● **What to do**: Repeat only the lines below that run from the line with "Theo Nghị quyết" to the line with "I ordered a", ends included; skip every picture.

Records for processing Block Start

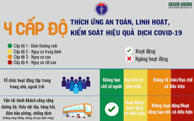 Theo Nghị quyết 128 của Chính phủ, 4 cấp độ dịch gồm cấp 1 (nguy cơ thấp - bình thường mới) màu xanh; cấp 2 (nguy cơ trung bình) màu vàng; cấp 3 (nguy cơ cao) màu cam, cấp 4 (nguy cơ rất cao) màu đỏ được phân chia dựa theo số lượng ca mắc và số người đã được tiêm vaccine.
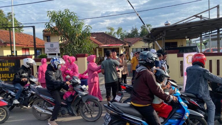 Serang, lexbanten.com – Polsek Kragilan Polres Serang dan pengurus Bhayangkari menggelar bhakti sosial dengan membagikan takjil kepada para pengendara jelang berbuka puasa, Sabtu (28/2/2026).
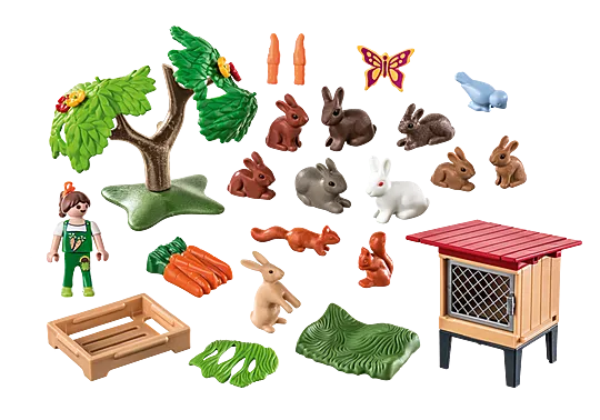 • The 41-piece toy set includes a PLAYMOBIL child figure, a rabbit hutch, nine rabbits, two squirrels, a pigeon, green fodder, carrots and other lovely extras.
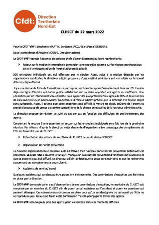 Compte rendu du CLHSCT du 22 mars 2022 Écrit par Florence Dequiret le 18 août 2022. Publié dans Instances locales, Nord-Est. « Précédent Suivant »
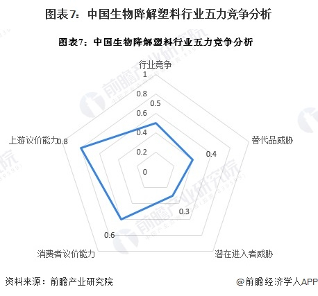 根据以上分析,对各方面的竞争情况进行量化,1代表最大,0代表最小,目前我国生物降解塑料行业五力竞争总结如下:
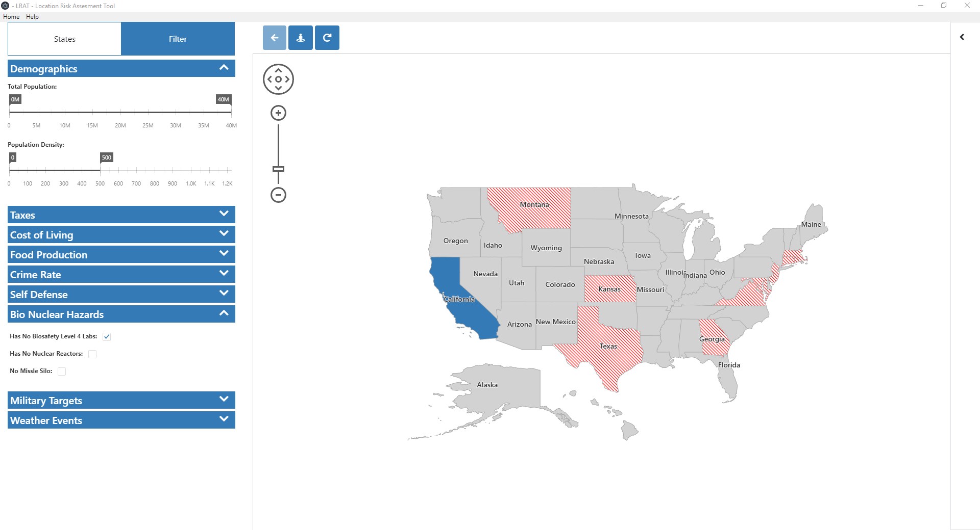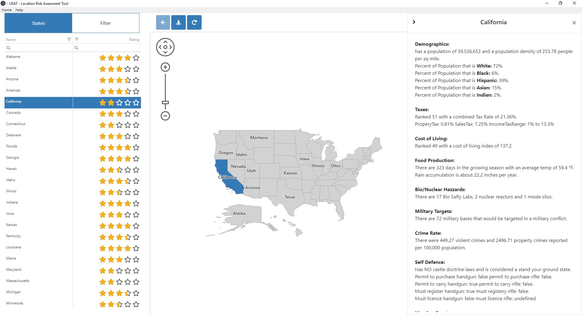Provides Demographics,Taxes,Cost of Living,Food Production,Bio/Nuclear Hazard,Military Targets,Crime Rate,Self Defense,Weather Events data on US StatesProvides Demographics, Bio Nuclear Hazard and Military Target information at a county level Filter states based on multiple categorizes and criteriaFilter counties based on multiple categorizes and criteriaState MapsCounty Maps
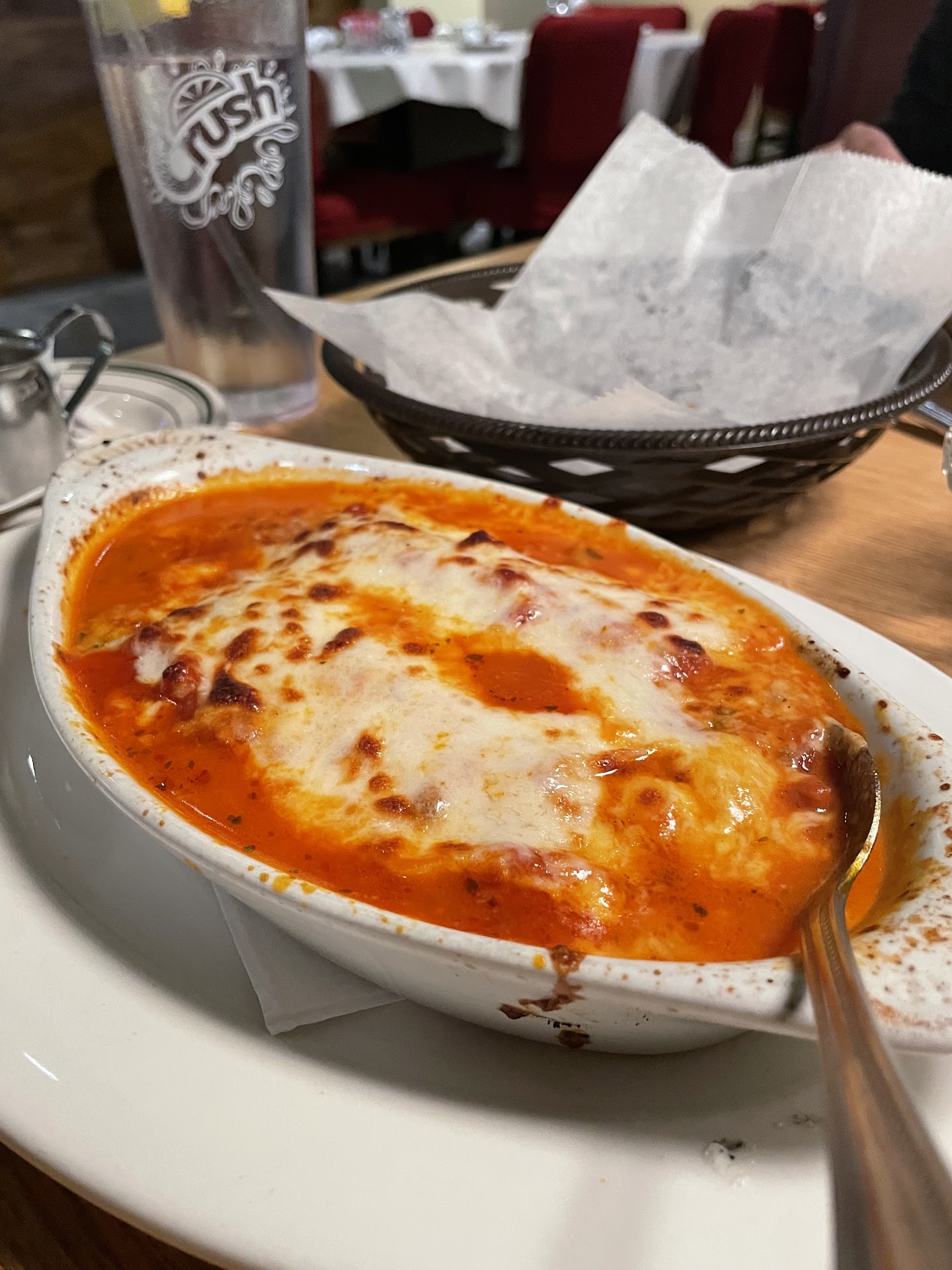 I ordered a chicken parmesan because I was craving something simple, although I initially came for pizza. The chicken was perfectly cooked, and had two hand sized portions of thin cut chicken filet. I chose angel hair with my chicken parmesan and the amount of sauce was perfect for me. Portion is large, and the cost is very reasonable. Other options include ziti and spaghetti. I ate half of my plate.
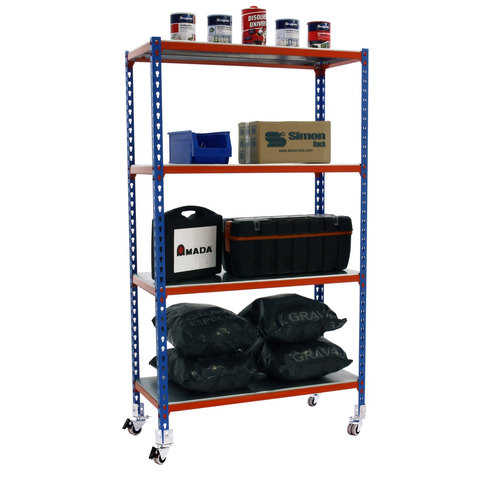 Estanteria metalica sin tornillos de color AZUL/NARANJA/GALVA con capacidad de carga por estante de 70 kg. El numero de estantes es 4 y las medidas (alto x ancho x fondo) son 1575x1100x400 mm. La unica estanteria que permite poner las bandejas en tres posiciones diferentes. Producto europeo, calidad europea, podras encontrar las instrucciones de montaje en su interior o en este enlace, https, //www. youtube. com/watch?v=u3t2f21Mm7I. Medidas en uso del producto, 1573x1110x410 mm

Records for processing Block End
Records for processing Block Start

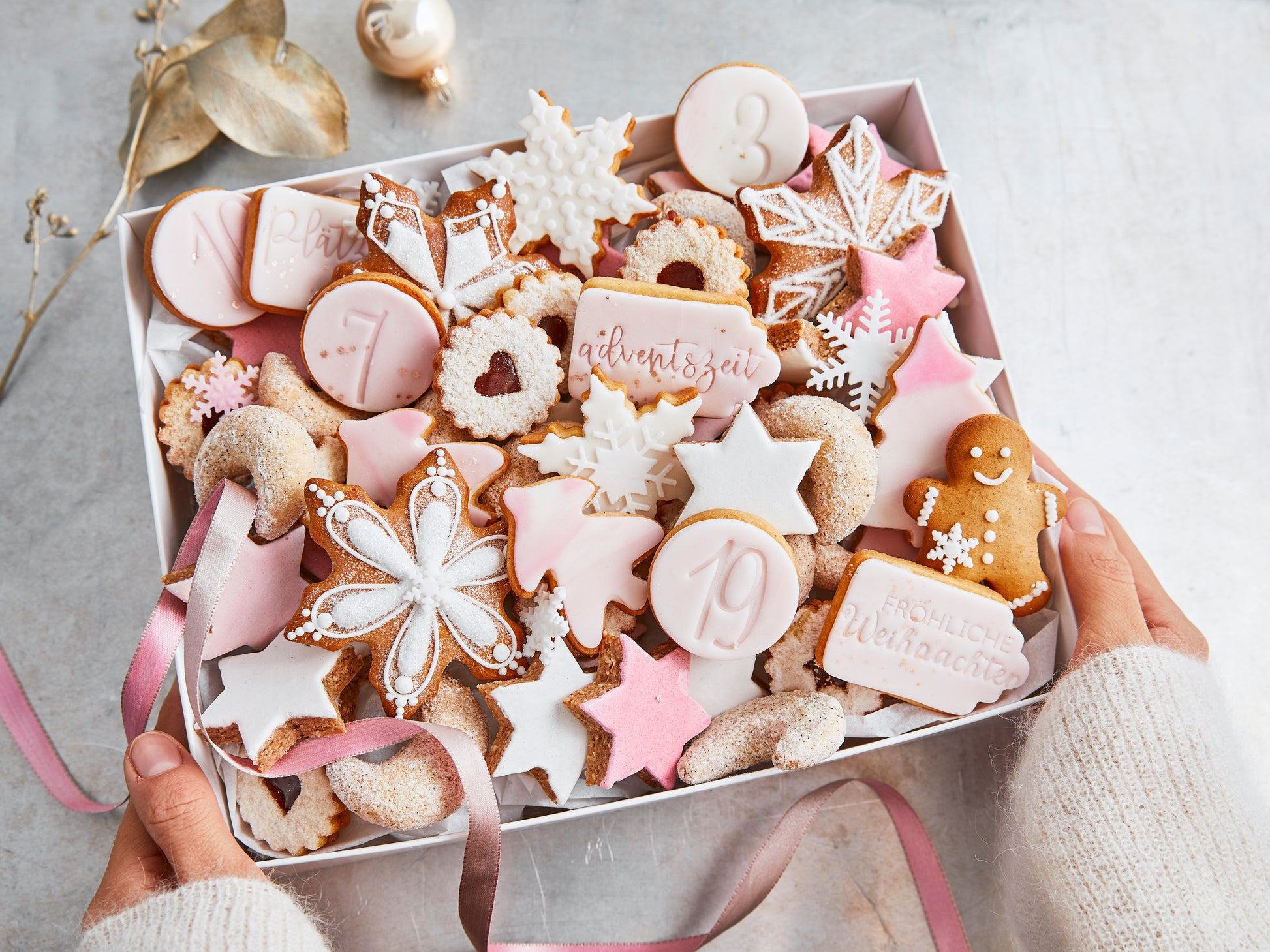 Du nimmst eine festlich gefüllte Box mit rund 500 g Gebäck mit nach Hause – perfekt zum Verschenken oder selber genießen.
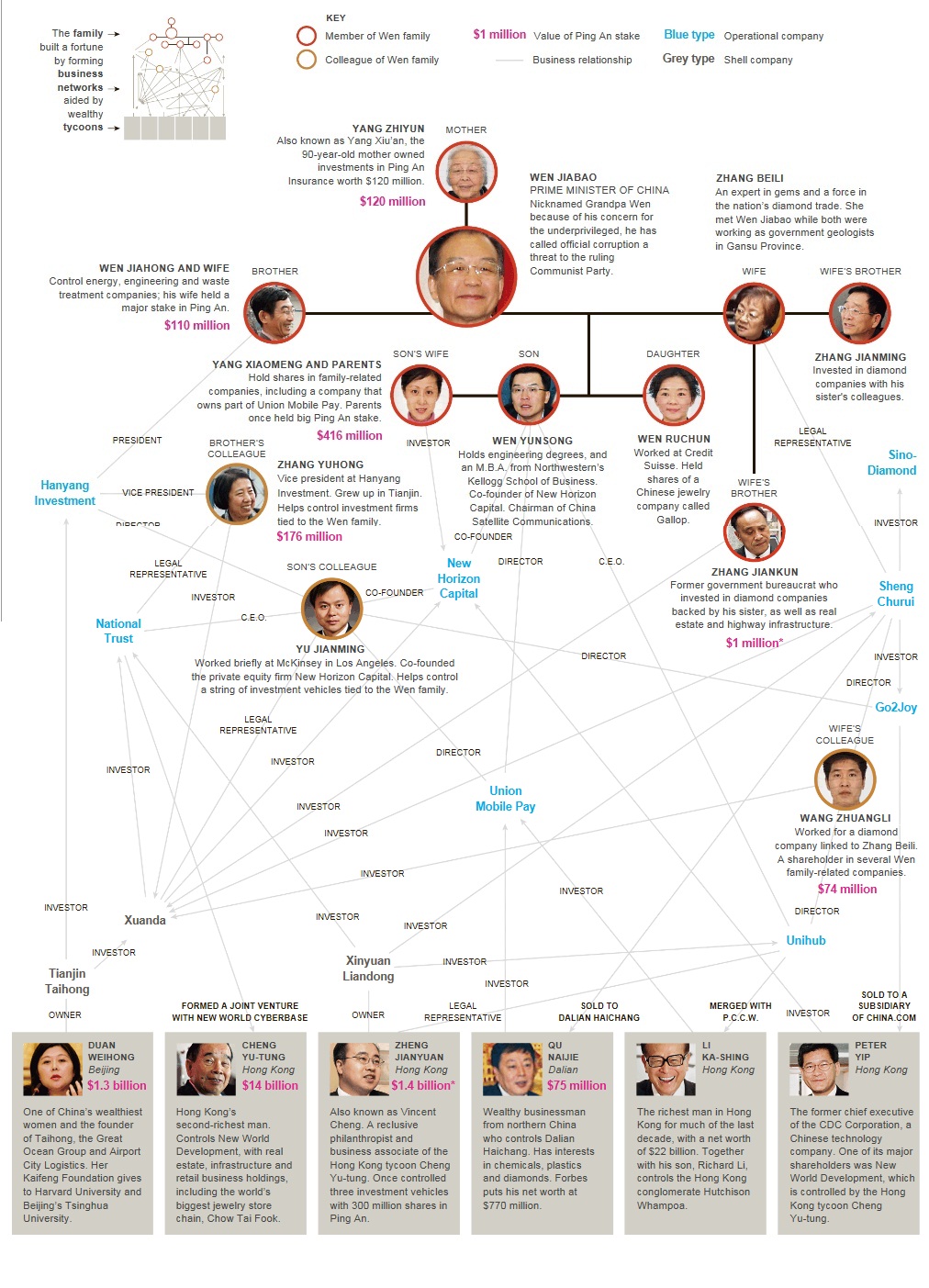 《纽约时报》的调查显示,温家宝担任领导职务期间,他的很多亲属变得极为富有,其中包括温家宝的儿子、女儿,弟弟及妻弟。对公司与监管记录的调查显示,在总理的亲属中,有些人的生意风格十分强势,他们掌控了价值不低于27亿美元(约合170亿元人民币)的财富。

Records for processing Block End
Records for processing Block Start

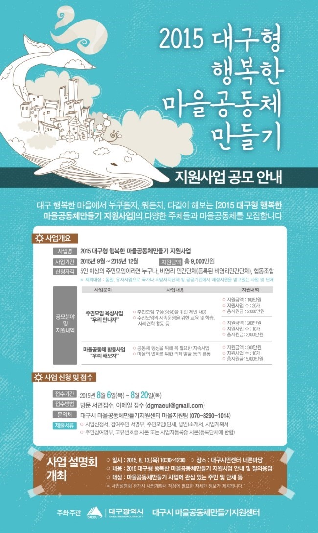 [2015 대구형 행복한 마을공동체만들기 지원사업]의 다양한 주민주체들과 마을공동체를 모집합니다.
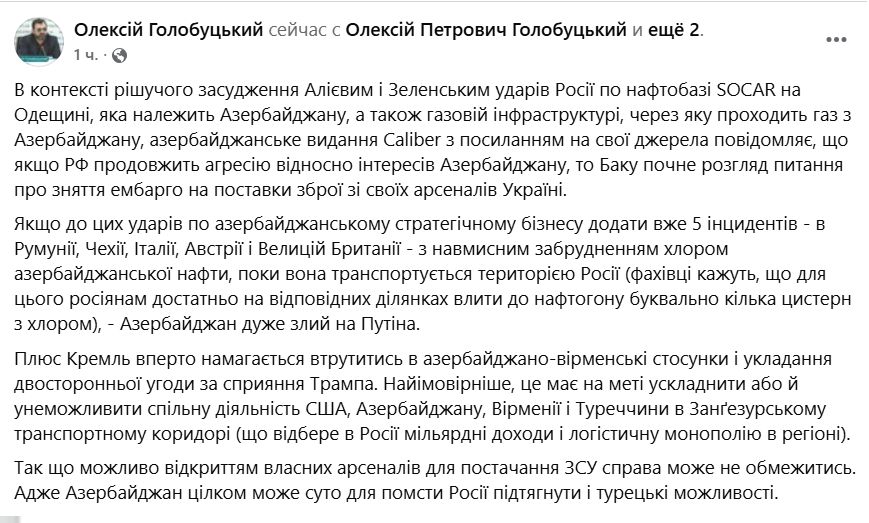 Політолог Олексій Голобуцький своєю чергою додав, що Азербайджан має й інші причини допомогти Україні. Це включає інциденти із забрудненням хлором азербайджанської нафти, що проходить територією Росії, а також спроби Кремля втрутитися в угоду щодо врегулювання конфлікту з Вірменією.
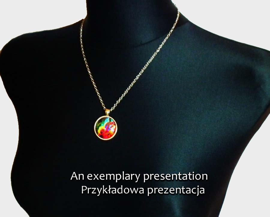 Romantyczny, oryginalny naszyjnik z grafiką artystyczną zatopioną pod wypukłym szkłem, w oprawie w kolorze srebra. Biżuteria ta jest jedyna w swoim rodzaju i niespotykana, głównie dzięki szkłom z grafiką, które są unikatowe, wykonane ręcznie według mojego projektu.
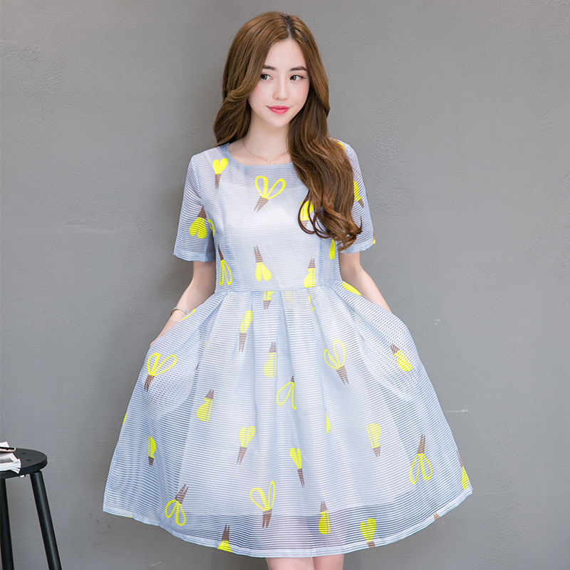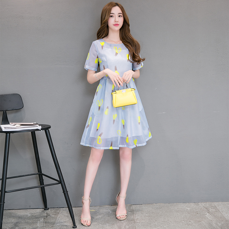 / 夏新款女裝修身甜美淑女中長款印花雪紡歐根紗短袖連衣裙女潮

Records for processing Block End

● **Output below**:
 Theo Nghị quyết 128 của Chính phủ, 4 cấp độ dịch gồm cấp 1 (nguy cơ thấp - bình thường mới) màu xanh; cấp 2 (nguy cơ trung bình) màu vàng; cấp 3 (nguy cơ cao) màu cam, cấp 4 (nguy cơ rất cao) màu đỏ được phân chia dựa theo số lượng ca mắc và số người đã được tiêm vaccine.
 Serang, lexbanten.com – Polsek Kragilan Polres Serang dan pengurus Bhayangkari menggelar bhakti sosial dengan membagikan takjil kepada para pengendara jelang berbuka puasa, Sabtu (28/2/2026).
 • The 41-piece toy set includes a PLAYMOBIL child figure, a rabbit hutch, nine rabbits, two squirrels, a pigeon, green fodder, carrots and other lovely extras.
 Compte rendu du CLHSCT du 22 mars 2022 Écrit par Florence Dequiret le 18 août 2022. Publié dans Instances locales, Nord-Est. « Précédent Suivant »
 根据以上分析,对各方面的竞争情况进行量化,1代表最大,0代表最小,目前我国生物降解塑料行业五力竞争总结如下:
Provides Demographics,Taxes,Cost of Living,Food Production,Bio/Nuclear Hazard,Military Targets,Crime Rate,Self Defense,Weather Events data on US StatesProvides Demographics, Bio Nuclear Hazard and Military Target information at a county level Filter states based on multiple categorizes and criteriaFilter counties based on multiple categorizes and criteriaState MapsCounty Maps
 I ordered a chicken parmesan because I was craving something simple, although I initially came for pizza. The chicken was perfectly cooked, and had two hand sized portions of thin cut chicken filet. I chose angel hair with my chicken parmesan and the amount of sauce was perfect for me. Portion is large, and the cost is very reasonable. Other options include ziti and spaghetti. I ate half of my plate.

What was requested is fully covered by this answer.